On Jul 1, 2006, at 2:42 AM, Jeremy Boynes wrote:

Jean-Sebastien Delfino wrote:
- Modularity, building our runtime in a more modular way, with more but simpler modules, clean SPI modules with only interfaces, and decoupling the
core and the Java component implementation type / container.
- Simpler SPIs, covering all aspects of the cycle (development, build,
deployment + install, runtime, admin etc.)

There's several things here conflated together - I propose we tackle
them separately.

If you define runtime as a running SCA environment, I think we have a
good start on a modular approach. There are bound to be tweaks but I
think we are going in the right direction.
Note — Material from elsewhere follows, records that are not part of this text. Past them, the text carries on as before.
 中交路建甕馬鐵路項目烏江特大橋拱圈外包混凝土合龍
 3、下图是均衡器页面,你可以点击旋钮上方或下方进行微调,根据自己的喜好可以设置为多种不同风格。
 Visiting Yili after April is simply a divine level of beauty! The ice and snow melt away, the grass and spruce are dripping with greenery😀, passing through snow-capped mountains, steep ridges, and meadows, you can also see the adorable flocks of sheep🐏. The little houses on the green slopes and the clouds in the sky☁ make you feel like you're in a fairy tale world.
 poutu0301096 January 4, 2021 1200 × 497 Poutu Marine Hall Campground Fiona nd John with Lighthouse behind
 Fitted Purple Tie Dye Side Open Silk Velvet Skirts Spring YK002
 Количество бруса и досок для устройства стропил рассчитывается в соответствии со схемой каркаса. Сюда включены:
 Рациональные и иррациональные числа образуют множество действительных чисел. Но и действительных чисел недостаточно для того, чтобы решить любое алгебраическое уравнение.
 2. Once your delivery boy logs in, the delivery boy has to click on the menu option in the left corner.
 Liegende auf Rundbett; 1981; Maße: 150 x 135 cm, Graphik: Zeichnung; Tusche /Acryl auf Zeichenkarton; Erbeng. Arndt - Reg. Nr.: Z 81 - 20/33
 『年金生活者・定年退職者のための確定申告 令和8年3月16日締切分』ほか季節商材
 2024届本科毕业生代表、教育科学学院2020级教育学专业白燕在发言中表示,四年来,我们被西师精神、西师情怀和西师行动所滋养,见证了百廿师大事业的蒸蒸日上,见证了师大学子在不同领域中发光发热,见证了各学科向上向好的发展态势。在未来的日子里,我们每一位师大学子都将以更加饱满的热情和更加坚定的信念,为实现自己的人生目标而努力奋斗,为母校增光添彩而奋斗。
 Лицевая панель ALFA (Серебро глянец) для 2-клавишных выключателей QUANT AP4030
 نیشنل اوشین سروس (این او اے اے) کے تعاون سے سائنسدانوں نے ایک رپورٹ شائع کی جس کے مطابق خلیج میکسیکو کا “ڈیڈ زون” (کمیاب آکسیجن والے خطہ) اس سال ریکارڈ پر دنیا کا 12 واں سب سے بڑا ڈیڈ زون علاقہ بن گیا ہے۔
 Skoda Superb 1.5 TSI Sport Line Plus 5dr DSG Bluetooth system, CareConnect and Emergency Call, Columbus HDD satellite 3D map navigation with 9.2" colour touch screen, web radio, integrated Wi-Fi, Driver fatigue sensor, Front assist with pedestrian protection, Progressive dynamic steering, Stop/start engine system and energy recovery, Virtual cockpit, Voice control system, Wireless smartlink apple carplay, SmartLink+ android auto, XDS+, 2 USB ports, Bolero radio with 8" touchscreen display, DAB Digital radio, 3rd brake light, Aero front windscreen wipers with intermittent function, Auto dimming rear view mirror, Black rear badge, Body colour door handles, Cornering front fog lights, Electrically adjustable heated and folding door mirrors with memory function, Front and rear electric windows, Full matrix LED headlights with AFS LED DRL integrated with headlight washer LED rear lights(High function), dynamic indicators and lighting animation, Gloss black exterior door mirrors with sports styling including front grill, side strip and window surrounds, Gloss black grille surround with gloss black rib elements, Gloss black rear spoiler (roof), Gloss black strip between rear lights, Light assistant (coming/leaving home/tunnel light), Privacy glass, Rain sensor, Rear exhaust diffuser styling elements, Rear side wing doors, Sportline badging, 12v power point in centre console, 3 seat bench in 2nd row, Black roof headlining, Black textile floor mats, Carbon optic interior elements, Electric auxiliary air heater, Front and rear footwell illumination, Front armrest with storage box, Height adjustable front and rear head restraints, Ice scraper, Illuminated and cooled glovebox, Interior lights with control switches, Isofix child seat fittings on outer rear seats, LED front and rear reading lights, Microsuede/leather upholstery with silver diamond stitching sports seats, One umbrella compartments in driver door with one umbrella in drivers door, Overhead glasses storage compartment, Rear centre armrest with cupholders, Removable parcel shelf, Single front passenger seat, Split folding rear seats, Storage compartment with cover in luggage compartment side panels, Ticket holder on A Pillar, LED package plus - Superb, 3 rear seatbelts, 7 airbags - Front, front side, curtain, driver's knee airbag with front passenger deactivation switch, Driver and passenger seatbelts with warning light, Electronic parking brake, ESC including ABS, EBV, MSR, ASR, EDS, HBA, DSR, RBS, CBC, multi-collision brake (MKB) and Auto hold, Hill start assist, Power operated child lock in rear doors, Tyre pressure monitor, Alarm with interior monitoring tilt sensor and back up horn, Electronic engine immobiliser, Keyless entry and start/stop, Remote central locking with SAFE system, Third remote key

We have a basic core with a well-defined SPI into which we can add
extensions without needing any change to the core. We also have ways
in which extensions can co-operate, providing new extension points
themselves into which other things can plug. spi and core2 combined
are about 12000 lines of code and the binary is just over 300K in size
- this is not very big really.

I believe a good portion of that 300K is related to the Geronimo WorkManager dependencies. Since WorkManager can be implemented as a thin facade over the JDK 5 concurrency libraries, we should look at implementing a simple one and eliminating the dependencies. Once we do that, I think we will only need StAX, which is slated to become part of the JDK anyway.
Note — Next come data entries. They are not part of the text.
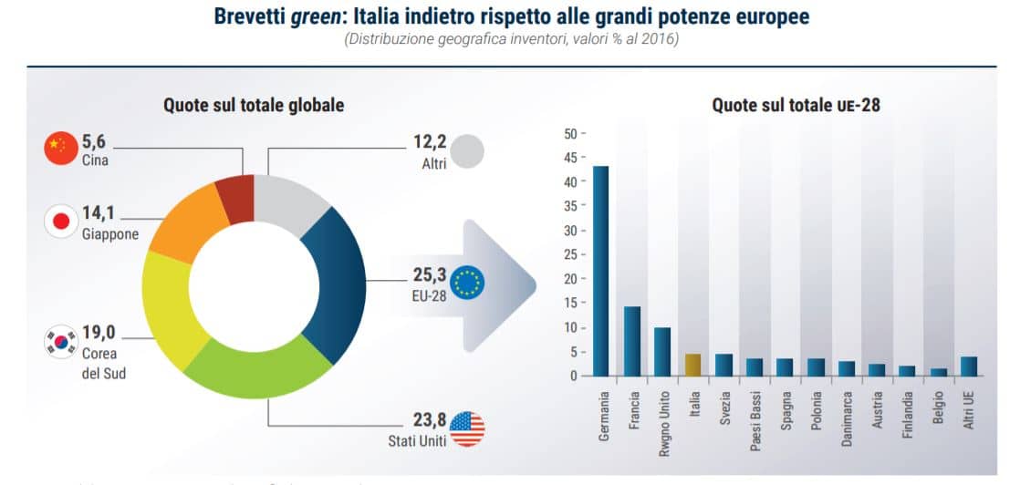 Resta ancora un punto dolente, tuttavia, dei brevetti green: secondo dati OCSE, infatti, in questo ambito l’Italia occupa ancora un ruolo marginale in Europa, con un peso (4,6%) che è simile a quello della Svezia ed è circa un terzo di quello francese e la metà di quello del Regno Unito.
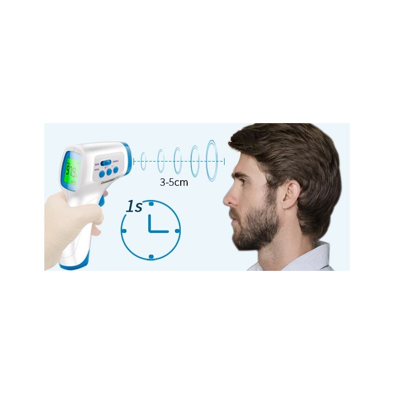 Medição sem contato: a tecnologia de infravermelho sem contato lê da testa (medição de temperatura/ estados de febre) sem contato físico, evita a infeção cruzada entre várias pessoas.
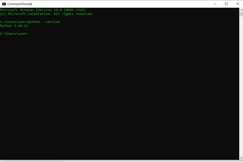 หาก Python ได้รับการติดตั้งอย่างถูกต้อง หน้าต่าง Command Prompt จะแสดงเวอร์ชั่นของ Python ที่คุณติดตั้งเอาไว้ ดังที่แสดงให้เห็นในภาพตัวอย่างด้านล่าง

Having said that, I agree that we can restructure the SPI module to
make things a little clearer. I think some of the confusion now comes
because it contains both runtime and deployment interfaces. We agreed
a long time ago that we wanted the runtime to be self-contained and
independent of the deployment mechanism used. Bearing that in mind, we
should be able to separate the runtime part of the SPI from the
deployment part.

Taking a quick swag at the top-level packages in the SPI I would
propose we create two new ones, deployment and runtime, and move
things around as follows:

runtime:
   bootstrap, component, event, host, monitor, policy, services, wire

deployment:
   annotation, builder, deployer, loader, model

What does "annotation" do? On a related note, I think we also have a POJO extension model for things like annotation processors. I don't think this can be easily factored into an SPI below core since it will drag in a whole bunch of things (either in the basic SPI package or a special "POJO" SPI package). Any ideas would be great...otherwise we may just say that type of extension is a "low- level" one done off core.
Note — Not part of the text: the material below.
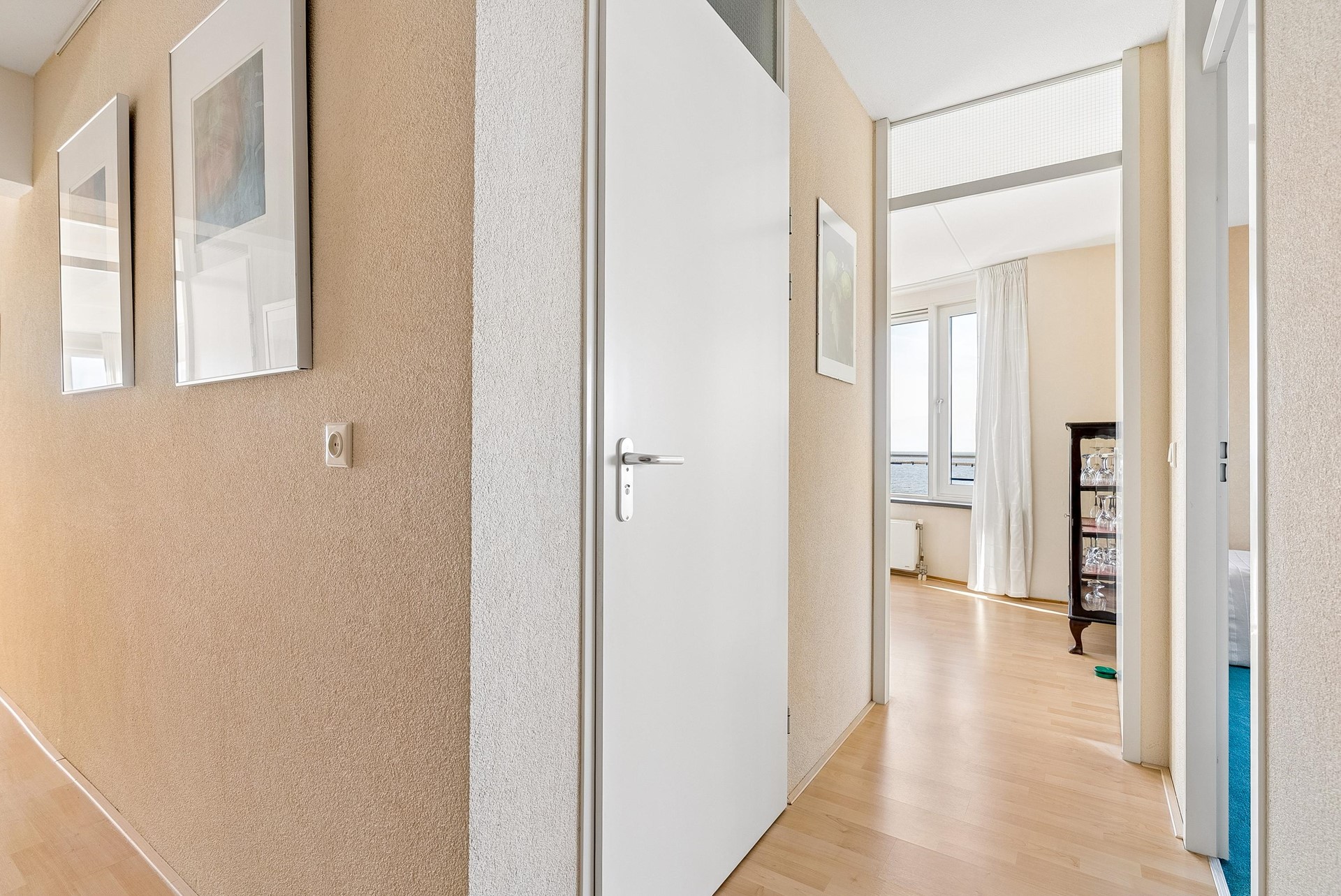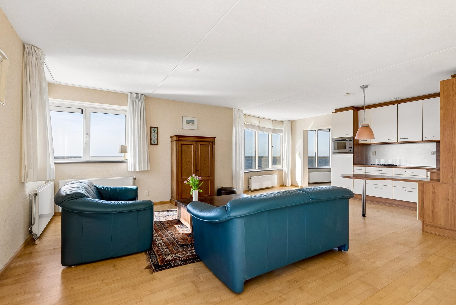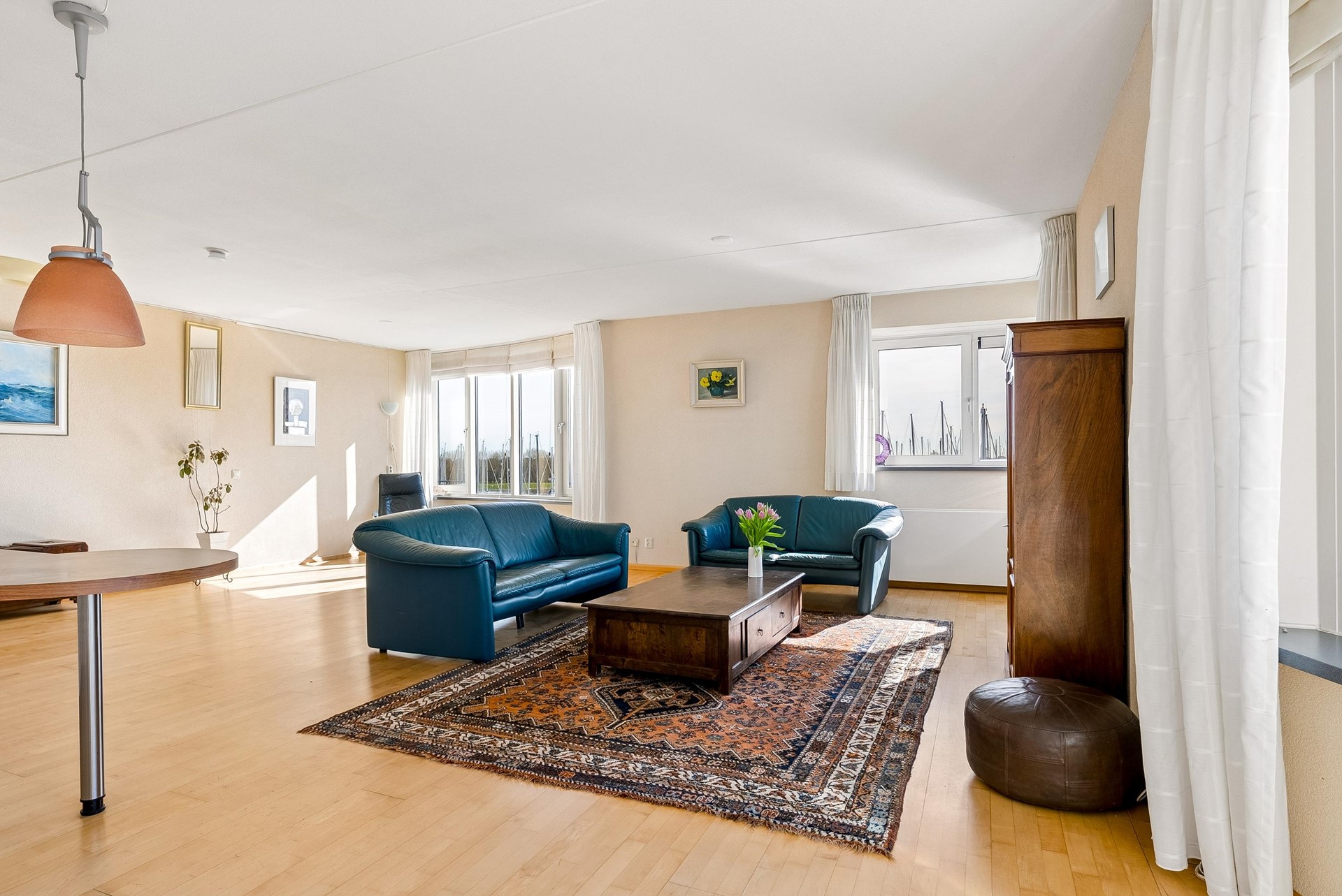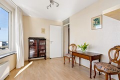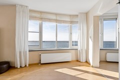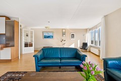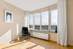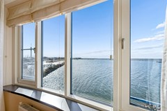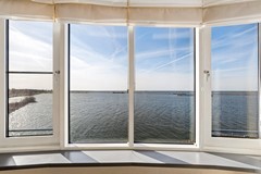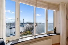 De woonkamer vormt zonder twijfel het absolute hoogtepunt van dit appartement. Met een oppervlakte van maar liefst ca. 50,7 m² is dit een bijzonder royale leefruimte. De grote raampartijen en de unieke vorm van de gevel zorgen voor een panoramisch uitzicht over het water en een prachtige lichtinval gedurende de dag. Door de ligging op de 3e verdieping geniet je hier van extra privacy en een vrij uitzicht zonder inkijk.

Assuming this works and all dependencies point from deployment to
runtime we could then split the SPI module into two. I'd like to
re-evaluate before doing that though as I think a typical usage would
always have both runtime and deployment code and would typically
always need both modules.
I don't see separating these into two projects is worth the added complexity. As long as we have a clear packaging structure, IMO it is much easier to deal with one extension jar.

Making people deal with two things just
seems like unneeded complexity.

Finally, I think we need to be clear about what is an SPI and what is
an API. To me, an SPI is something used by an system to expand its
functionality, it's a view from the inside looking out; an API is used
by something else to manipulate a system, it's a view from the outside
looking in.

With that in mind I think some of the "SPIs" you mention above are
really APIs. Things like deployment, install, admin (and I'd add
management, monitoring) are interfaces the runtime would provide to
allow outside entities to manipulate it.

This is a god point. I think it also entails a different design approach. For example, an SPI is intended for experienced, systems- level programmers and therefore can sacrifice a bit of complexity for power and flexibility.

I'd propose that this may be a better way to slice up the current spi
module. For example, we could consider splitting out the bootstrap and
deployer packages into a new "api" module. The intention would be to
provide interfaces used by external actors without exposing them to
the mechanisms used to extend the runtime.